We're in this really awkward position of having to evaluate funding without knowing, and not just evaluate it, but then approve it, and say..... That may be fine for government members who have great trust, but I would say even if you support the party that's in power, if you're familiar with how government works, there's a lot of stuff that can go wrong, and I don't think it's inappropriate at all. In fact, the opposite is true. Parliamentarians should be asking these kinds of questions when they're being asked to approve funding. I think that's one of the basic points of Parliament, even if you go all the way back to the Magna Carta, which sounds cheeky but it's not. The fundamental principle of that is that there would be no taxation without representation and that the king couldn't just decide to appropriate funds for any purpose at all. The idea of a Parliament was that there would be oversight by those who were being asked to give the money of the purposes the money would be used for.

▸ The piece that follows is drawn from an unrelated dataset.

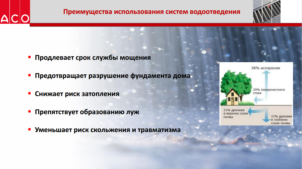 Системы отведения воды имеют большой ряд преимуществ. Они продлевают срок службы мощения, предотвращают разрушения фундамента дома и других сооружений из бетона, снижают риск затопления, предотвращают образование луж и залежей льда на ландшафте. И как следствие, такие системы уменьшают риск травматизма на участке.

One of the reasons we have opposition days and one of the reasons we present petitions in the House is that one of the principles was that parliamentarians, the crown, should have to hear people's grievances, that the crown should have to hear what people were upset about and what they wanted the king or queen to do differently before they approved the funds.
The principle of having debate and discussion and asking questions and pressing the crown before approving the money is a very long-standing principle of the parliamentary system that we have here in Canada, and it's one of the most important jobs that we do, regardless of what party you're from. It's literally what Parliament is all about. It's all about holding the crown to account for the money that it's raising from citizens and the purposes to which it puts that money.
What we're being asked to do with vote 40, if we don't pass this motion, which I think is not even.... We're still doing our best in a damaged process, but this motion is about at least having the opportunity to ask the ministers of the crown what they're planning to do in their new budget initiatives. Some of the answers so far have not been very compelling. Their answer is that they don't know, but I think it's incumbent upon us to at least ask other ministers in other departments. Maybe other ministers do have some plans for what they're going to do with the money. I think that would be good. I would be very reassured, frankly, to hear that other ministers at least have some plans about what they're going to do with the money, and they're not just asking for an upfront approval, because I think that really contravenes the principles of Parliament.
The President of the Treasury Board said as much early in this Parliament. Members may recall that one of the first things the government did was to come to the House with some supplementary estimates, and the reason they did that was that the previous government in the lead-up to the election—and I'm not imputing any motive here; it's just a fact—spent a lot of money out of the contingency fund. Maybe that was for good reasons, or maybe for bad. I don't know, but they did. So that $750-million contingency, which is the money that Parliament approves without any specific purpose in mind.... You know, a $750-million contingency fund is one thing; a $7-billion omnibus vote for every new budget initiative is another.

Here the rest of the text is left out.